これが左の写真で白く見える部品(ロック部材)です。 中央部の溝が縦(または横)に見えるときにロック、斜めになったときがアンロック(un-lock)です。 アンロック(解除)にすることで、白い部品を外せます。 ロック部材を外す(回す)際には、右回転でも左回転でも良いので、外周を45度回せば外せます。 (写真ではプライヤを使っています。 ピンセットでも良いです。 尚、大きなマイナスドライバを使うと、壊しやすいです。) 同様に左側のロック部材を外します。 ロック部材を外したので、ヒンジの筒部(つつぶ)を指で両側からつまむと、筒部のロック(嵌め合い)が外(はず)れます。 まず、写真の場所から外します。(左側のヒンジ部) 外す際には一気に、筒の直径を縮めるように押さえながら引き上げます。 (筒部のロックは弾性の範囲で縮んで外れます。)

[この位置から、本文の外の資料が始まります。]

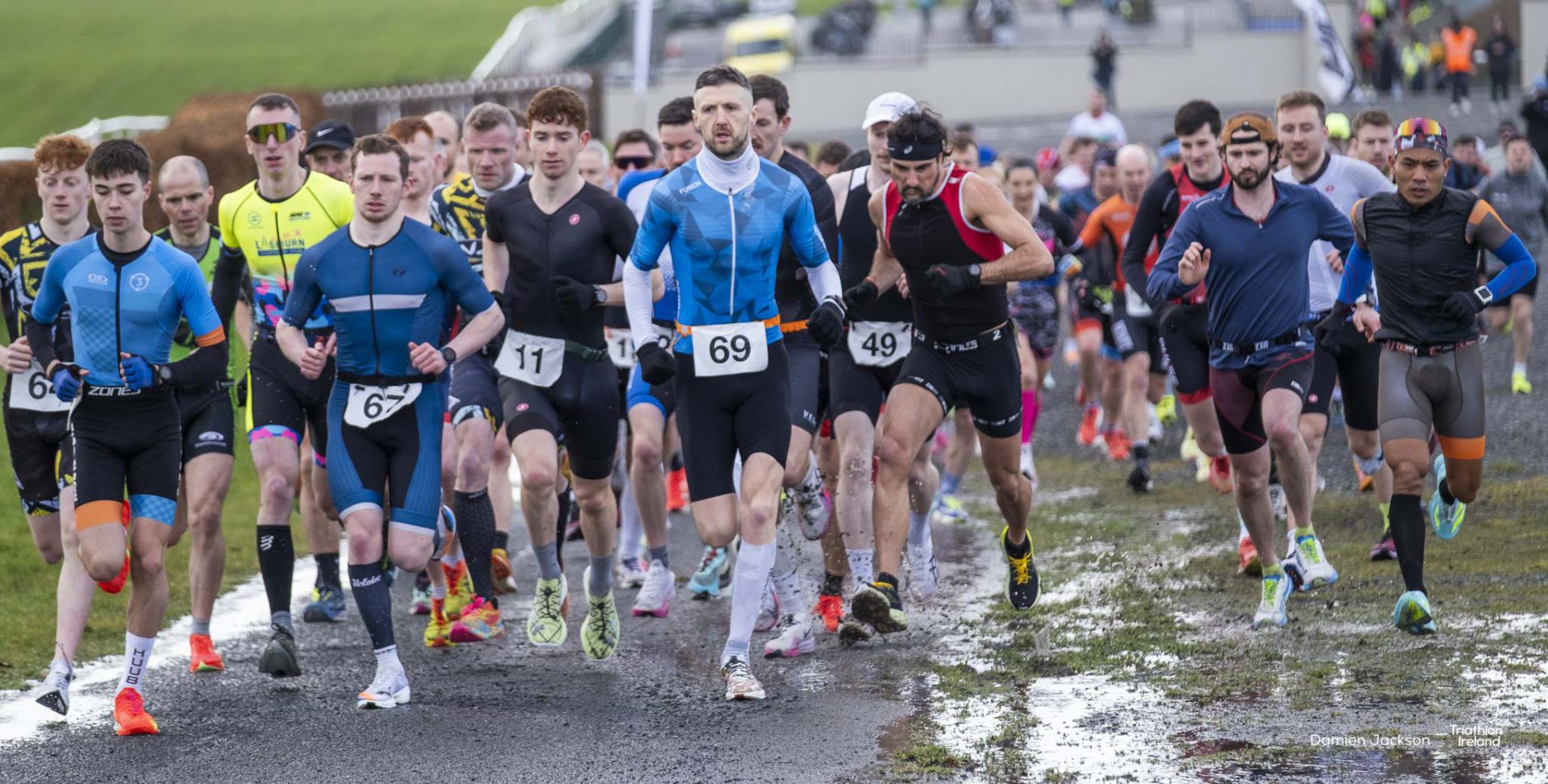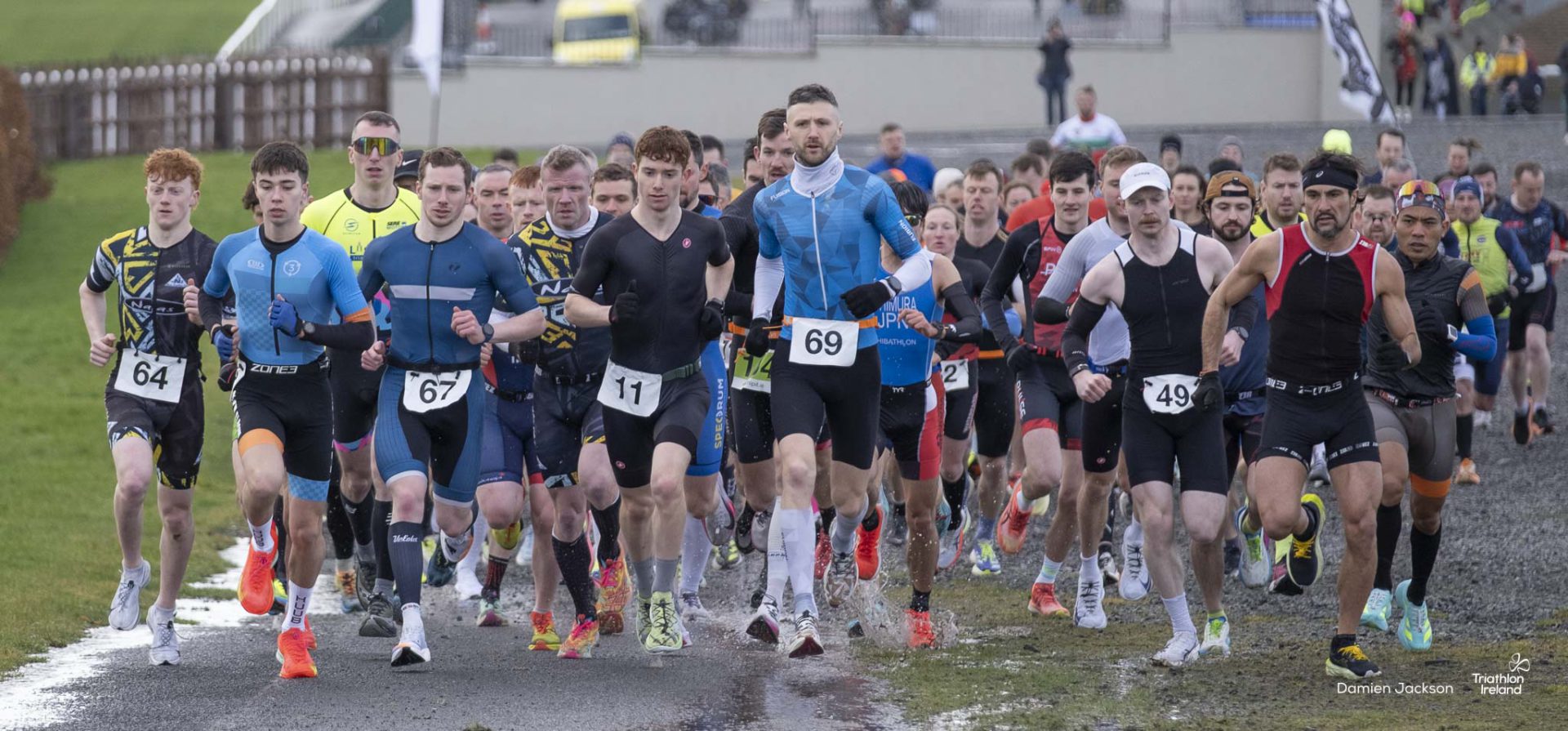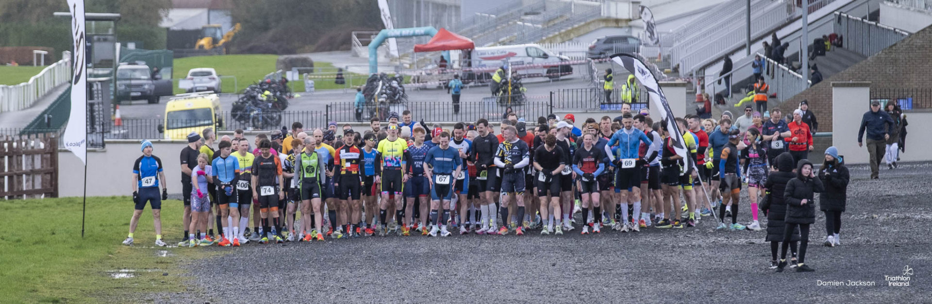 A cold but dry day at Punchestown saw the iconic racing venue transformed for multisport racing, with transition taking place in front of the grandstand. The second of Naas TC’s Galco Naas Duathlons provided another super morning of racing for the eager duathletes on the startline. A 3.2km run around Punchestown Racecourse, a 19 kilometre bike in the Kildare countryside, and a final 3.2km run lay ahead.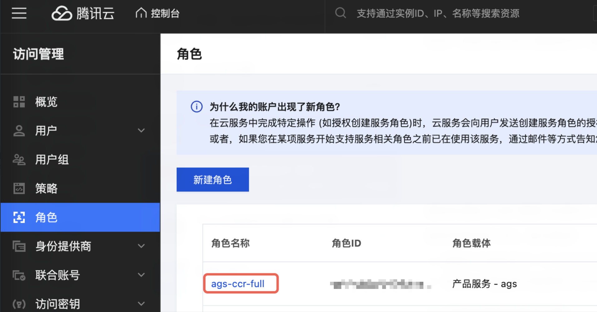 1. 登录腾讯云 访问管理控制台,选择左侧导航中的角色。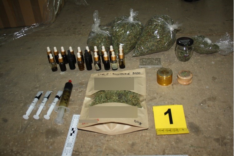 Policijski službenici iz Jastrebarskog su tijekom pretrage kuće i drugih prostorija u Klinča Selima pronašli opremu za umjetni uzgoj bilja, 25 komada stabljika marihuane visine između 35 i 76 cm, oko 25.365 grama usitnjene i sasušene marihuane pakirane u 17 plastičnih vreća i 11 staklenih posuda, 20 bočica te 5 medicinskih šprica ispunjenih tinkturom marihuane.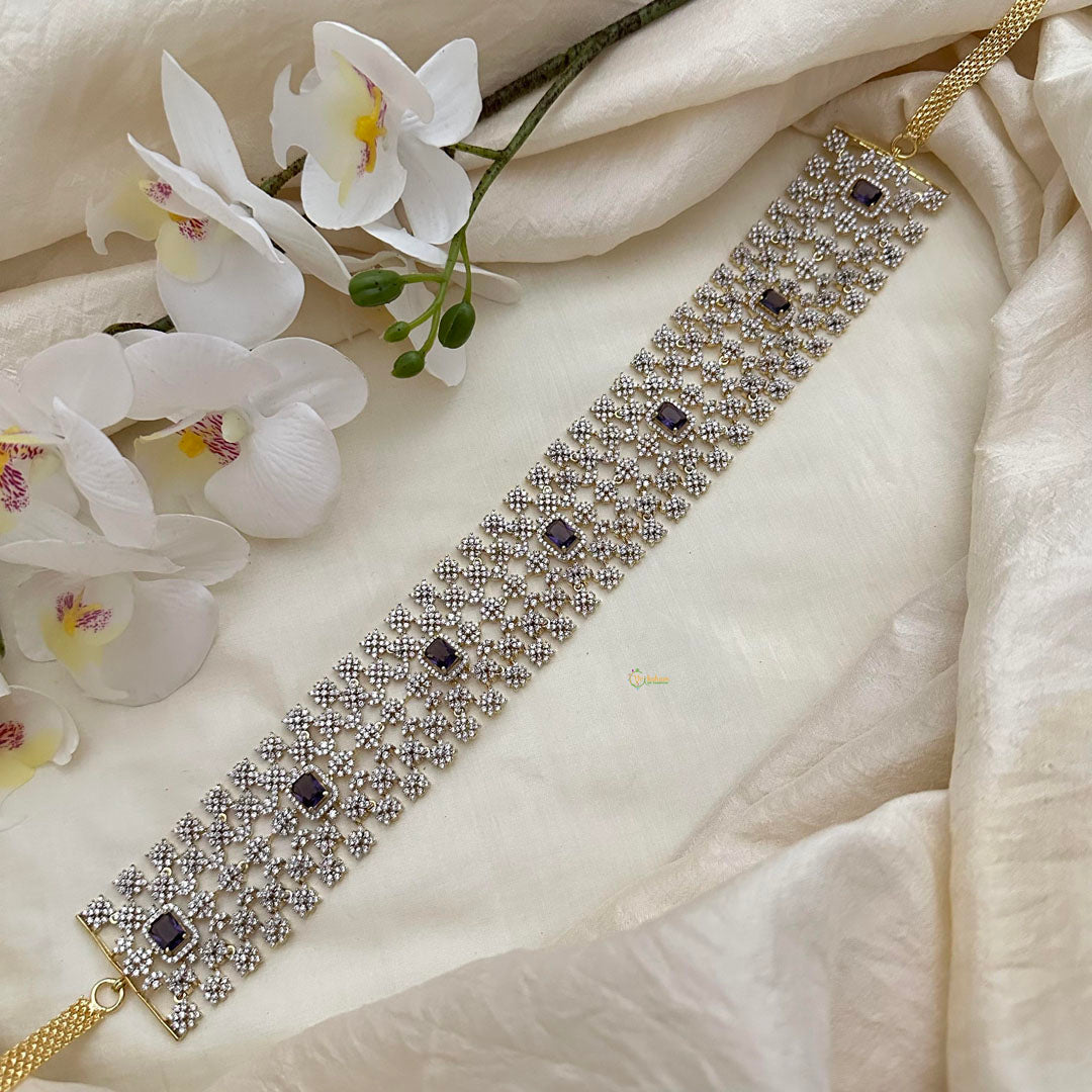 Enhance your bridal look with our Premium Bridal American Diamond Hip Chain. Exude sophistication with the Ganga jamuna American diamond design and luxurious red color. Elevate your style and make a statement on your special day.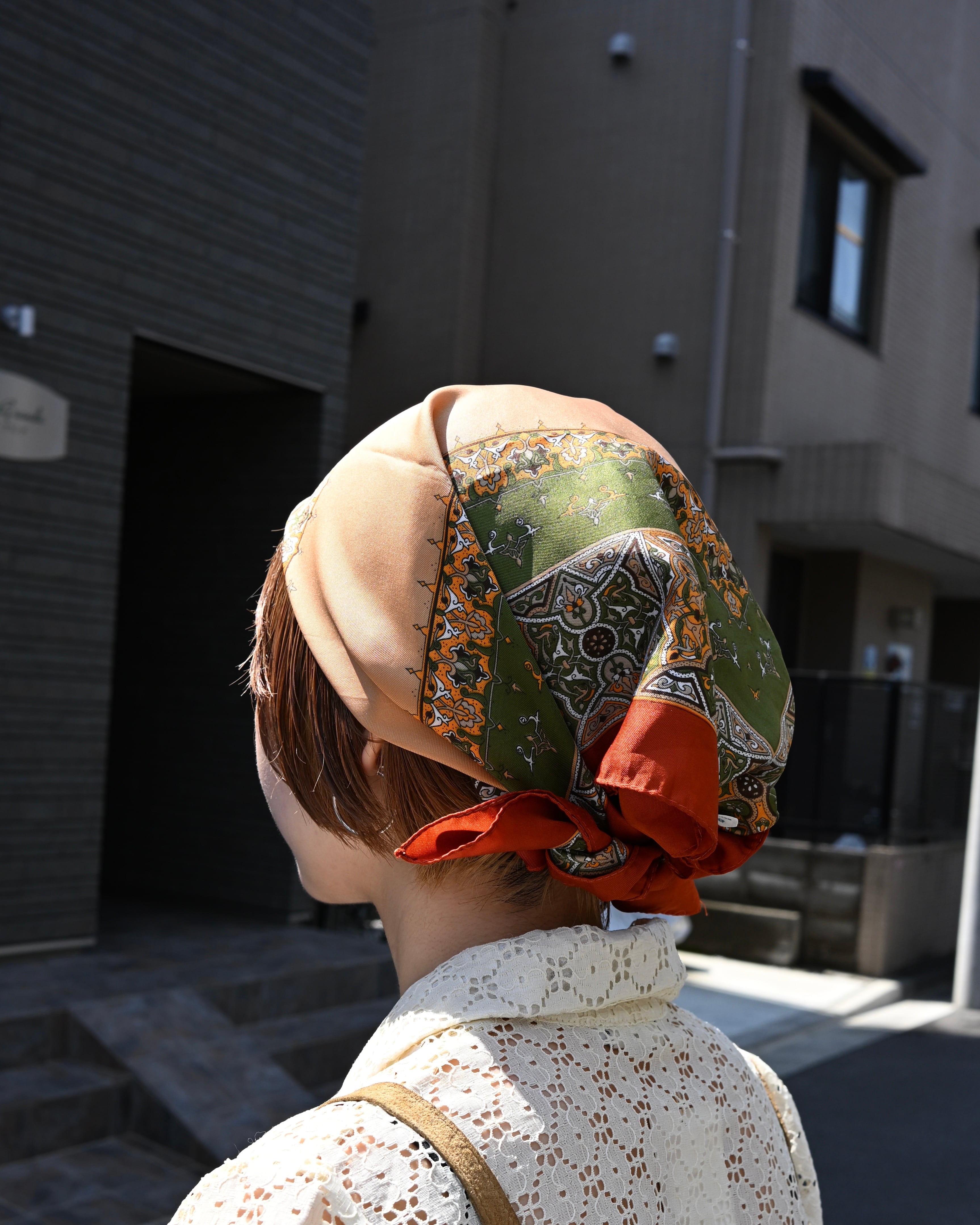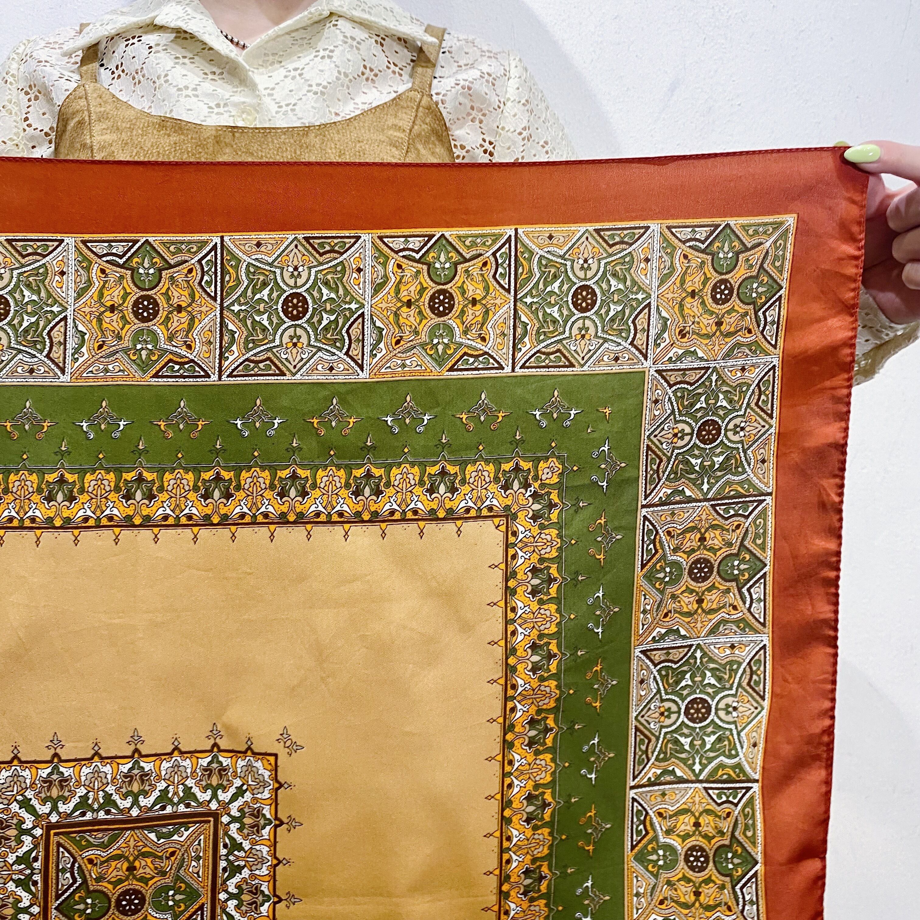 70ー80s made in Italy brown and green scarf【987】

筒部の嵌(は)め合いをドライバなどで部分的に外してゆく必要はありません。 筒部を握って外せば容易です。 こうすると、指で外すわけですから、一切傷が残りません。 尖(とが)ったもので、嵌め合い部をはずすと、必ず傷が残ります 。 筒部が左側から外れて、浮き上ってきているところを、正面側から写した写真です。 次に、ヒンジの右側を外しますが、この部分には、液晶の前後の動きを支える、ピンがあり、深く挿入されています。 このため、筒部を外しながら、さらにピンを抜く動作が必要です。 ここが、簡単に抜けるものは、すでにヒンジの保持部にガタ(変形)があるということです。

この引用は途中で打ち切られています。